FINDING YOUR PURPOSE : A LETTER TO MY YOUNGER SELF
Before we get started: This post was originally shared with my email community in September 2020.
Finding purpose in my life and work feels important. The reason for this is very simple. I believe that when we have a vision for the future, when we create something to look forward to, we create HOPE. I shared some thoughts with my community of subscribers a few weeks ago and thought I’d share them here too. If you’d like to receive letters like this to your inbox every other Saturday, you can sign up below. You’ll also receive two free photography e-books: Simple Snaps & Looking for Light and a creative self-care planner.
Dear ten year old me,
One afternoon, not too far from now, you’ll step into a pokey little room with brown curtains and carpet stains for your “career guidance” meeting. A middle-aged man who smells of stale coffee and cigarettes will sit at a cluttered desk and try to dictate your fate. You’ll wonder how a life can be decided through multiple-choice tick boxes.
I know you can’t imagine how on earth it’s possible to choose just one job for the rest of your life. And trust me when I say, don’t worry, it doesn’t need to be this way. Maybe there is no one neat box for you. You can shift and pivot as often as you like. Everything you do counts. Nothing is wasted. You may end up doing work that looks nothing like anyone else's. This is ok and should be encouraged. There’ll be many peaks and troughs, much head-scratching and soul-searching. There may even be a few years where you don’t work at all. Don’t let this rob you of your confidence. It’s always there, you might just need to dig for it.
Your teens will be a yo-yo. A heady mix of melancholic longing, feeling the pull of a thousand different directions as you try to find the one that fits. Don’t let the mean girls make you feel less than you are. It was never about you anyway.
There will be this crazy thing called the Internet, it’s hard to explain but basically, at any point on any given day, you’ll be able to see everyone else’s great successes. You’ll look often. It’ll make you feel as though you’re not enough. But I want you to get into the habit of a sense-checking everything you’re seeing.
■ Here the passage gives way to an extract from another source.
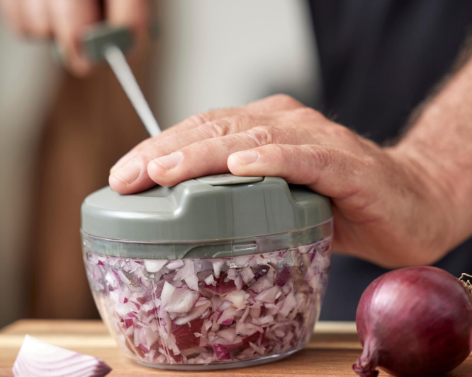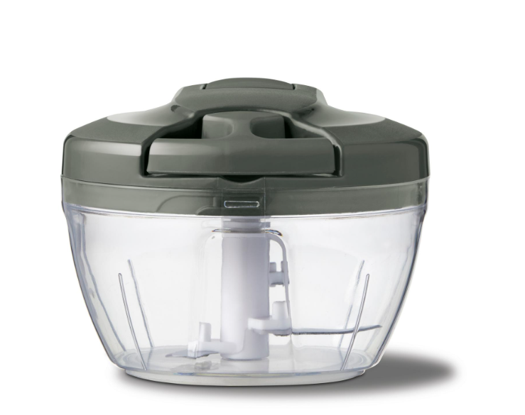Minihackaren med lock med dragsnöre är den snabba lösningen för att hacka och skiva örter, grönsaker, frukt, ost och mycket mer. Behållaren och locket är tillverkade av PP, de tre böjda bladen är tillverkade av rostfritt stål.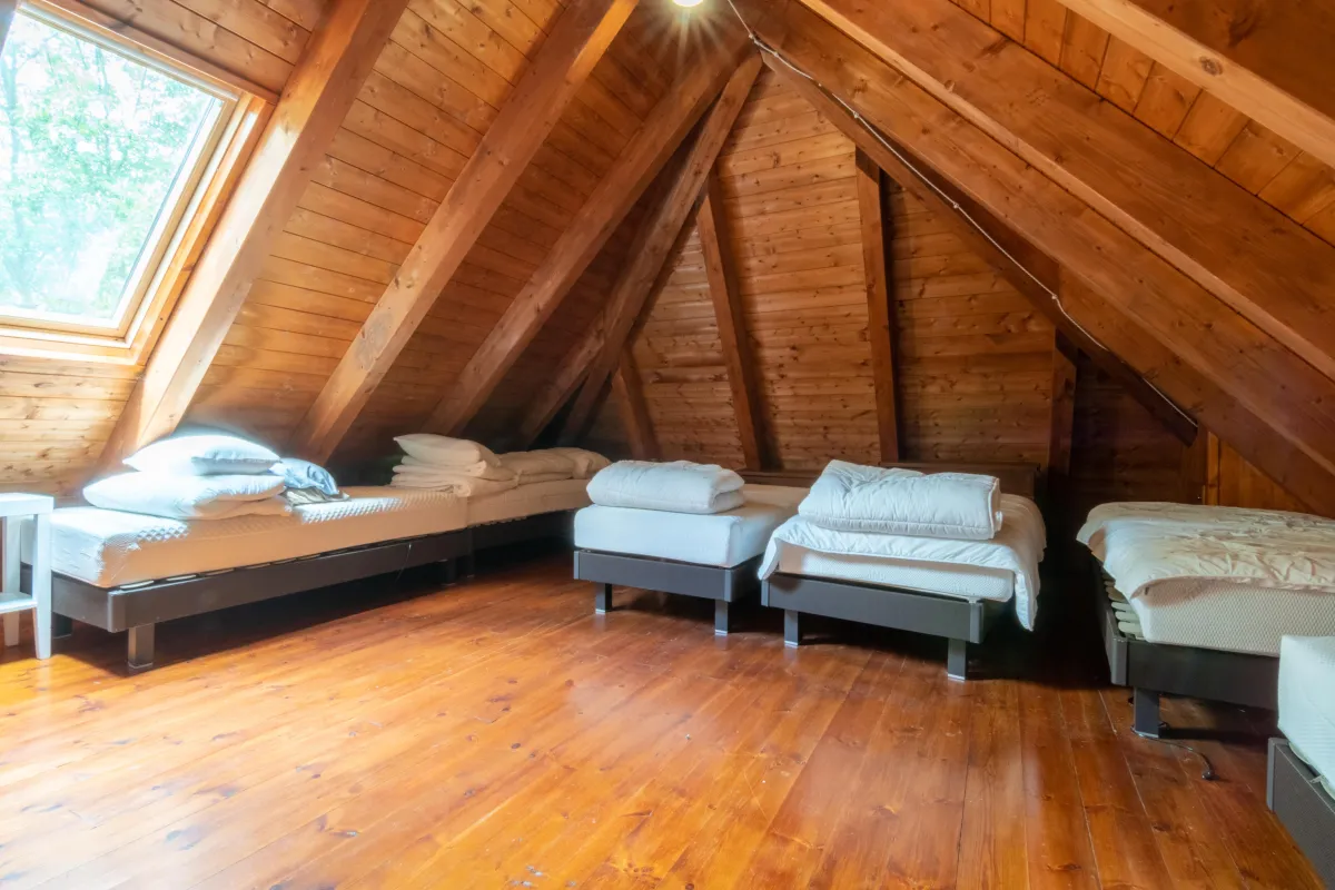 Planta superior: dos zonas comunicadas por pasarela que se pueden configurar como dormitorios múltiples (capacidad hasta 6 camas en cada lado) y baño completo.

Ask yourself this one question: what is their motivation to show me this? You’ll find the answer to be more simple than you could’ve imagined.
Then get your blinkers on and do your own thing.
Why? Because if you don’t, you run the risk of always looking, always longing. And it’s never possible to figure out your own path from the sidelines. Just. Get. Going.
I won’t tell you what lies ahead because I don’t think that’s helpful, but what I will say is that anything that comes your way, you’ll find the fortitude to face and somehow, you’ll arrive on the other side almost grateful for the challenges, no matter how much they hurt.
Adversity will come, but to push on through and find ways to rise again and again builds strength and resilience. And even if you don’t want this for yourself, do it for your daughter so you can show her what it means to be a person in the world who cares.
Be a person in the world who cares. Make your thing. Root it in who you are. Make it quietly, make it loudly, make it gently, make it bravely. Whatever works for you, on any given day, is absolutely fine. Just get going, and keep going.